3. The map function will create a key value pair and will sort it as well. (Question here is that does hadoop persist the output of the map functions to HDFS before giving it off to the reduce processes?)

 

4. Now hadoop will start reduce processes accross the cluster to run the reduce code. This code will be given teh ouput of the map tasks.

 

5. My biggest confusion is that after each reduce has run and we have output from each reduce process. how do we then merge those outputs into the final output?

 

So for example, if we were calculating the value of pi (there is a sample for that) .... how is the final value calculated from the output of different reduce tasks?

 

Sorry if this question is very basic or very broad... I am just trying to lean stuff.

1 ACCEPTED SOLUTION

avatar
Mentor
(1) The "driver" part of run/main code that sets up and submits a job
executes where you invoke it. It does not execute remotely.

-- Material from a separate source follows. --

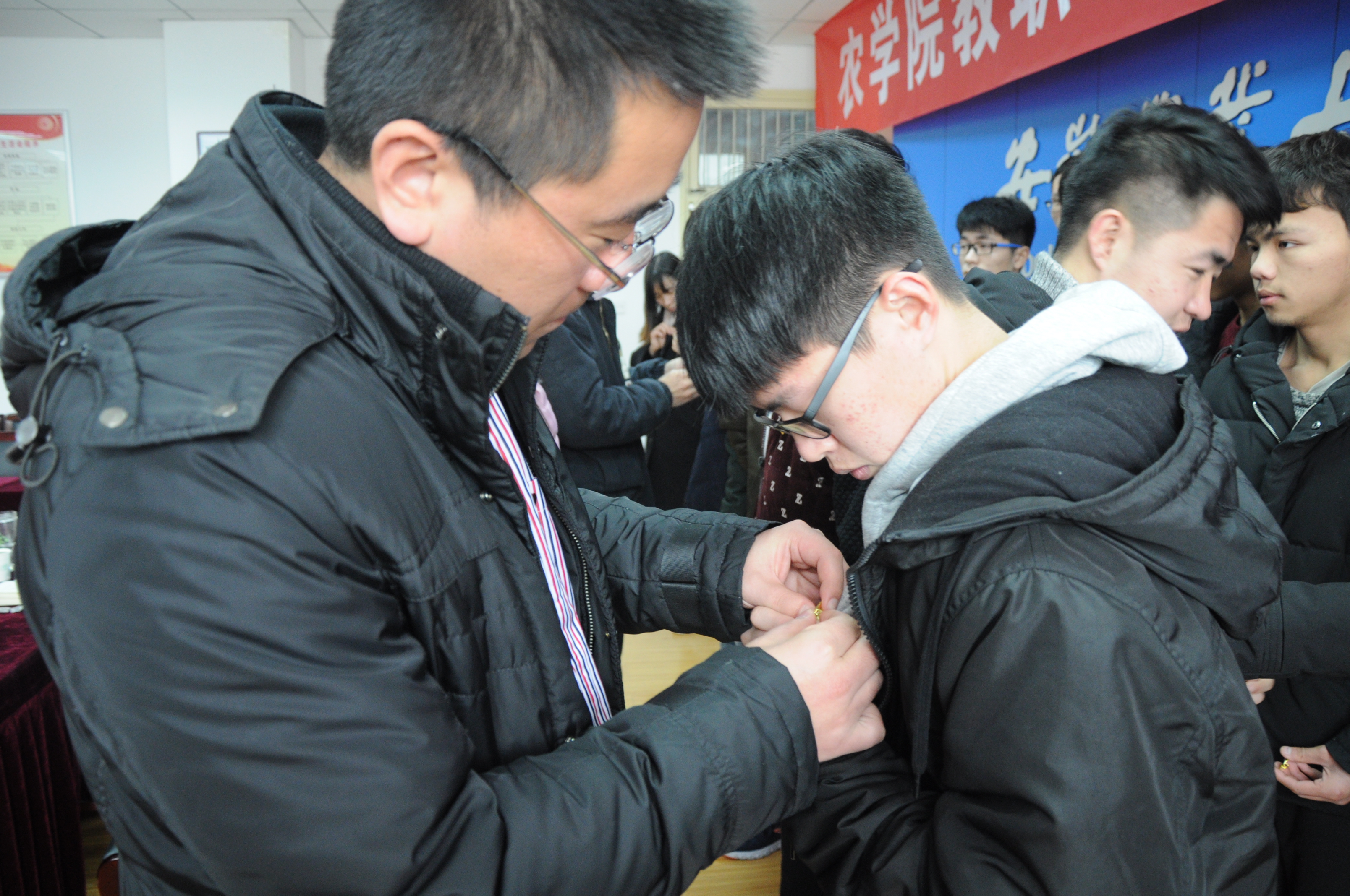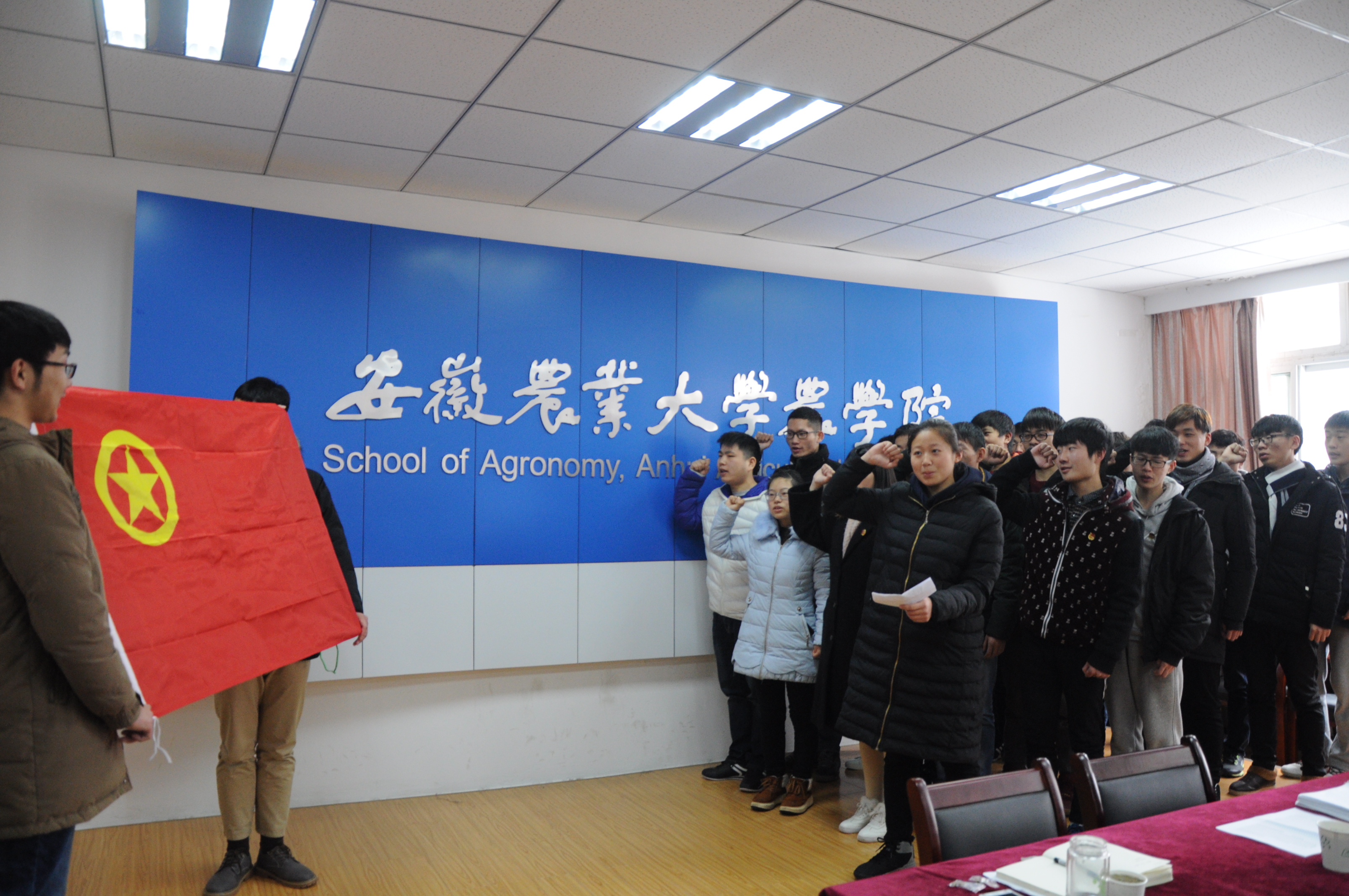 本网讯: 为提升共青团员的自身责任意识,坚定正确的政治思想方向。1月5日中午,农学院在十教518室举行了庄重的新团员入团仪式。院团委书记仇飞、团委老师郑青与全体新团员和老团员代表参加了此次仪式。

(2) See (1), cause it invalidates the supposition. But for the actual
Map and Reduce code execution instead, the point is true.

(3) This is true as well.

(4) This is incorrect. All output "collector" received data is stored
to disk (in an MR-provided storage termed 'intermediate storage')
after it runs through the partitioner (which divides them into
individual local files pertaining to each target reducer), and the
sorter (which runs quick sorts on the whole individual partition
segments).

(5) Functionally true, but it is actually the Reduce that "pulls" the
map outputs stored across the cluster, instead of something sending
reducers the data (i.e. push). The reducer fetches its specific
partition file from all executed maps that produced one such file, and
merge sorts all these segments before invoking the user API of
reduce(…) function. The merge sorter does not require that the entire
set of segments fit into memory at once - it does the work in phases
if it does not have adequate memory.

However, if the entire fetched output does not fit into the alloted
disk of the reduce task host, the reduce task will fail. We try a bit
to approximate and not schedule reduces on such a host, but if no host
can fit the aggregate data, then you likely will want to increase the
number of reducers (partitions) to divide up the amount of data
received per reduce task as a natural solution.

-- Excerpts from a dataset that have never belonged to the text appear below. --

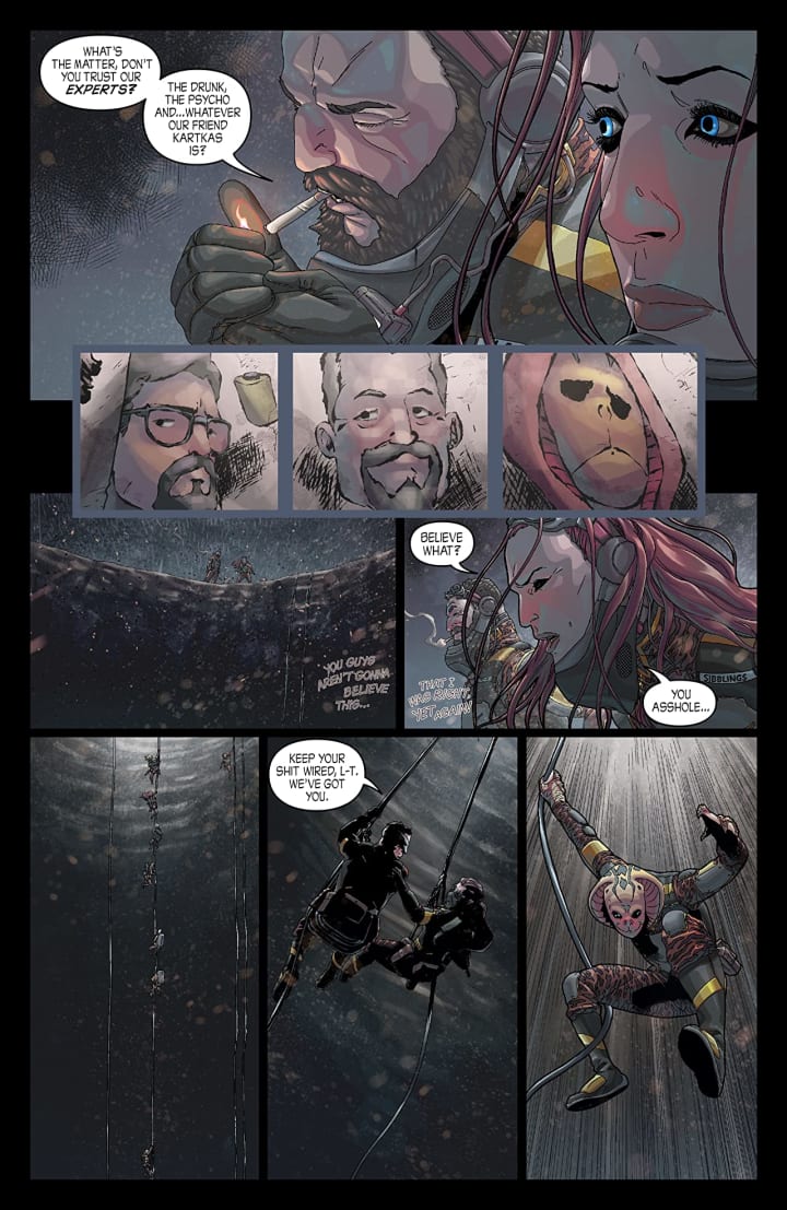 The way that we see things escalate as they go from section to section means the remainder of the team has little time left to accomplish what they hope to do and find a way to get out of there alive. While this landscape is far from idyllic at first glance it also just looks like a cavernous underground lair so this belies the hidden dangers that they face. With some absolutely amazing writing and dynamic characterisation that goes hand-in-hand with these bloody brilliant interiors will forever change the way you view Hell.
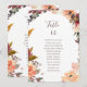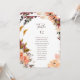 Esta tabla de asientos con número de mesas de naranja burdeos es perfecta para su boda rústica de boho, verde oscuro y jardín dorado. El diseño presenta una corona o un ramo de melocotón de color minimalista, rosa polvoriento, flores violetas y rosa claro, además de una vegetación de cobre, verde perenne, amarillo y rojizo. Las flores en este diseño son amapola, rosa y peonía. El diseño es ideal para una simple y elegante boda campestre de primavera, verano o otoño. Encontrará otro material de boda que coincida o coordine en el resto de esta colección.
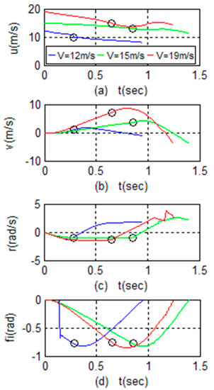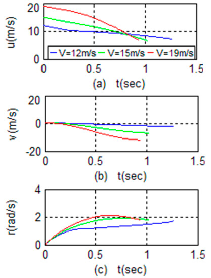 The simulation results of anti-collision T-type emergency steering at crossroads with three different initial vehicle speeds are displayed in Figure 5. The figure consists of six subplots, each depicting the relationship between one state variable and time: longitudinal speed, lateral speed, yaw rate, heading angle, front wheel angular velocity, and rear wheel angular velocity. The figure demonstrates how the state variables vary over time as the vehicle completes the T-type steering control under different initial speeds. Figure 5a demonstrates the relationship between longitudinal speed and time. Figure 5c indicates that the vehicle completes the T-turn at the maximum yaw rate. The vehicle’s final heading angle in Figure 5d is 1.57 rad (90°), which completes the 90° steering.
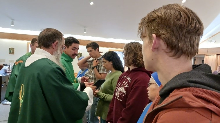 En la Santa Misa de envío de los misioneros el lunes por la tarde estuvo presente solo una señora, Megan, la secretaria de la parroquia. El sermón de envío era para nosotros, escuchamos bien las palabras del padre sobre la fuerza del envío de Cristo de que vayamos por todo el mundo, sin excepción de lugar ninguno.

View solution in original post

1 REPLY 1

avatar
Mentor
(1) The "driver" part of run/main code that sets up and submits a job
executes where you invoke it. It does not execute remotely.

(2) See (1), cause it invalidates the supposition. But for the actual
Map and Reduce code execution instead, the point is true.

(3) This is true as well.

(4) This is incorrect. All output "collector" received data is stored
to disk (in an MR-provided storage termed 'intermediate storage')
after it runs through the partitioner (which divides them into
individual local files pertaining to each target reducer), and the
sorter (which runs quick sorts on the whole individual partition
segments).

(5) Functionally true, but it is actually the Reduce that "pulls" the
map outputs stored across the cluster, instead of something sending
reducers the data (i.e. push). The reducer fetches its specific
partition file from all executed maps that produced one such file, and
merge sorts all these segments before invoking the user API of
reduce(…) function. The merge sorter does not require that the entire
set of segments fit into memory at once - it does the work in phases
if it does not have adequate memory.

However, if the entire fetched output does not fit into the alloted
disk of the reduce task host, the reduce task will fail. We try a bit
to approximate and not schedule reduces on such a host, but if no host
can fit the aggregate data, then you likely will want to increase the
number of reducers (partitions) to divide up the amount of data
received per reduce task as a natural solution.